I tried running the commands you suggested to reconfigure the scheduler and
it seems the system hangs on me.

Here is what I did:

1. Created a 1 node cluster.
2. Copied the configuration file to my machine using:
 starcluster get myscluster /opt/sge6/default/common/sched_configuration .
3. Modified line 12 in sched_configuration to read
schedd_job_info TRUE
4. Copied the modified sched_configuration file to the default local
directory on the cluster using:
starcluster put mycluster sched_configuration .
5. run the configuration command you suggested:
starcluster sshmaster mycluster "qconf -msconf sched_configuration"

The system hangs in the last stage and does not return unless I press
control break - even control C does not work. I waited a few minutes then
terminated the cluster. I double checked this behavior using the -u root
argument when running the commands to ensure root privileges.

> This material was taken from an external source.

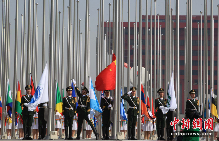4月30日晚,舉世矚目的上海世博會開幕式將在黃浦江畔世博園區(qū)舉行。圖為上海世博會在世博園區(qū)旗林廣場舉行升旗儀式,200多面旗幟展示了各參展方的風采。中新社發(fā) 潘索菲 攝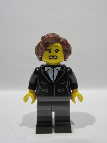 lego 2025 mini figurine bdp234 Vampire Castle Visitor Female, Black Suit Jacket with White Button Up Shirt, Dark Bluish Gray Legs with Black Boots, Reddish Brown Hair

I am using a windows 7 machine to issue those commands. I use the PythonXY
distribution and installed starcluster using easy_install. I am providing
this information to see if there is anything wrong with my system
compatibility-wise.

I am attaching the configuration file and the transcript.

I am getting funny characters and it seems the qconf command I issued does
not recognize the change in schedd_job_info.

Is there any other way I can find out what the problem is - If you recall I
am trying to figure out why jobs in the queue are not dispatched to run and
keep waiting forever. This happens after a few hundred jobs I am sending.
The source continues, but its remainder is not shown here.